Start of Block

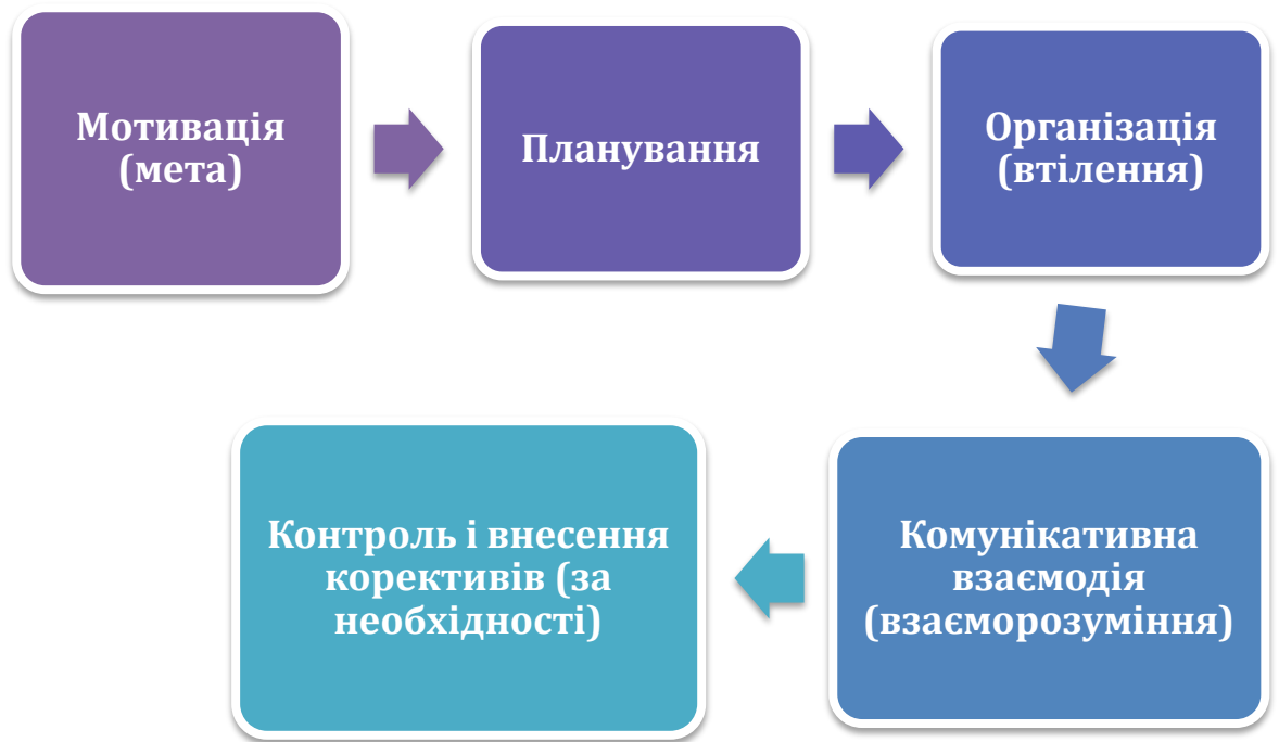
Рис. 3.1. Основні правила формування в молоді етики мовлення

Етап I. Мотивація полягає в наданні істотного впливу на формування мовленнєвого зростання особистості, засвоєння кожним із них мовного матеріалу.
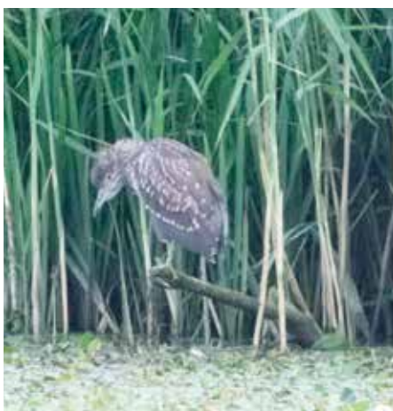
ślepowron – chyba się już wyniósł, albo lepiej chowa, średnia, smętnie wyglądająca czapla zwykle przesiadująca przed szuwarami na drugim brzegu. Lornetka się przydaje, żeby ją zobaczyć.
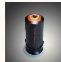
Wine saver € 7,95 MORE
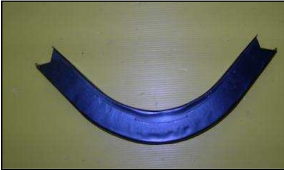
Coude d'arceau Dodge neuf 30 €HT unitaire (quantité limitée à 15 pièces)
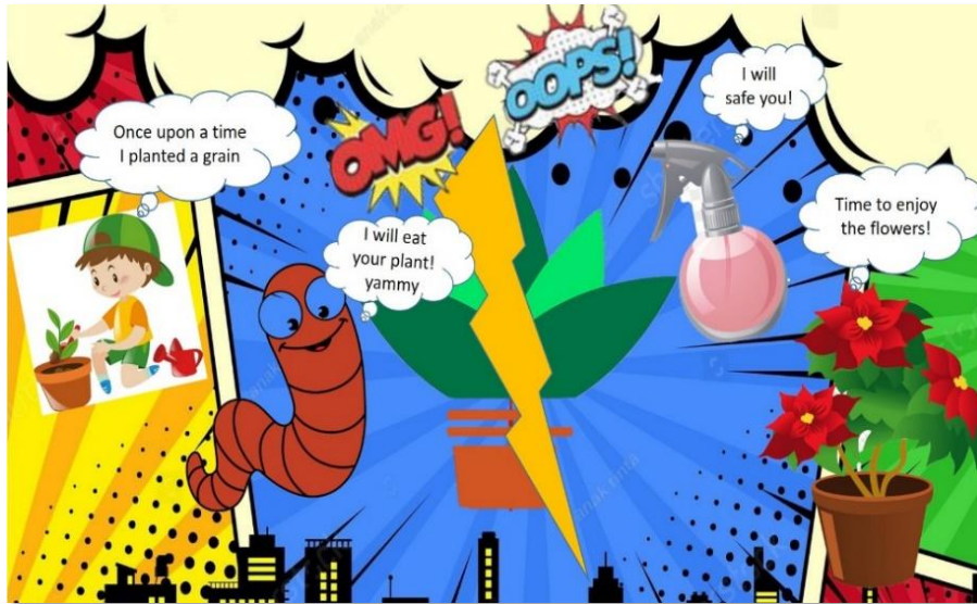
Рисунок 8. Робота учня 1-го класу за темою «Як доглядати за рослинами?»

Другий урок був присвячений презентації та обговоренню учнівських продуктів діяльності. Під час аналізу проєктів-коміксів особливу увагу учнів було звернено на відповідність змісту темі, правильність побудови, послідовність сюжету та цілісність історії.

End of Block

• Exercise description
In the listing above, find the line with "Етап I. Мотивація" and the line with "Coude d'arceau Dodge". Transcribe those two and everything between, exactly, leaving out pictures.

• Answer to this task
Етап I. Мотивація полягає в наданні істотного впливу на формування мовленнєвого зростання особистості, засвоєння кожним із них мовного матеріалу.
ślepowron – chyba się już wyniósł, albo lepiej chowa, średnia, smętnie wyglądająca czapla zwykle przesiadująca przed szuwarami na drugim brzegu. Lornetka się przydaje, żeby ją zobaczyć.
Wine saver € 7,95 MORE
Coude d'arceau Dodge neuf 30 €HT unitaire (quantité limitée à 15 pièces)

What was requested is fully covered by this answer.